Ingredients
Units
Scale
Blueberry Sauce
- 6 oz fresh or frozen blueberries
- 1/4 cup honey
- 1 tsp cornstarch + water
Ice Cream
- 1 14oz can sweetened condensed milk
- 2 cups heavy whipping cream
- 2 tsp vanilla extract
- 4 broken graham crackers
Instructions
Blueberry Sauce
- Place blueberries + honey in a heavy bottomed pot.
- Place on medium high heat and let honey melt and blueberries soften, about 10 minutes.
- Place cornstarch + a splash of water in a small bowl to create a slurry.
- Add slurry to the blueberry mixture and remove from heat to thicken.
- Let cool.
Ice Cream
- Place sweetened condensed milk in a large bowl.
- Add in your vanilla extract.
- With a hand-mixer or your KitchenAid fitted with whisk, beat 2 cups of cold heavy whipping cream to stiff peaks, 3-4 minutes.
- One spoonful at a time, fold whipped cream into condensed milk.
- Be gentle and don't over mix, you want the mixture to stay light and fluffy.
- At this point, fold in your broken bits of graham crackers.

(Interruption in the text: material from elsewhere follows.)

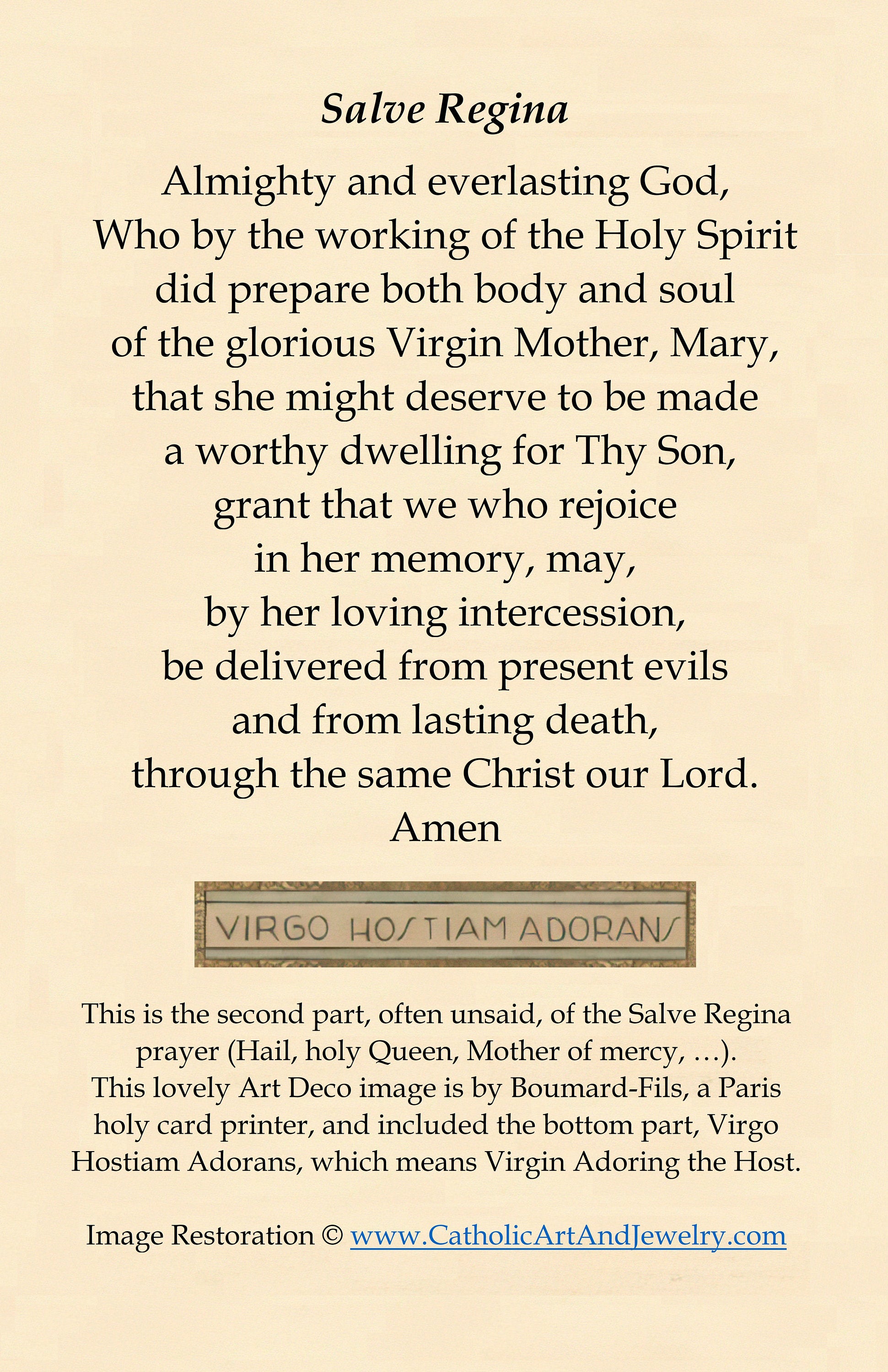 Salve Regina means Hail, Queen [of Heaven]. Virgo Hostiam Adorans means, Virgin Adoring the Host.

- With your 8" loaf pan layer 1/3 of your ice cream mixture on the bottom.
- Place a few spoonfuls of your blueberry mixture on top and swirl with a toothpick.
- Place another layer of whipped ice cream.
- Another layer of swirled blueberry.
- Finally, top with final layer of whipped ice cream.
- Place a sheet of waxed paper on top and place in freezer for at least 6 hours.
- Remove after frozen solid, scoop and enjoy!
Notes
**Feel free to try different mix-ins to make this your own version.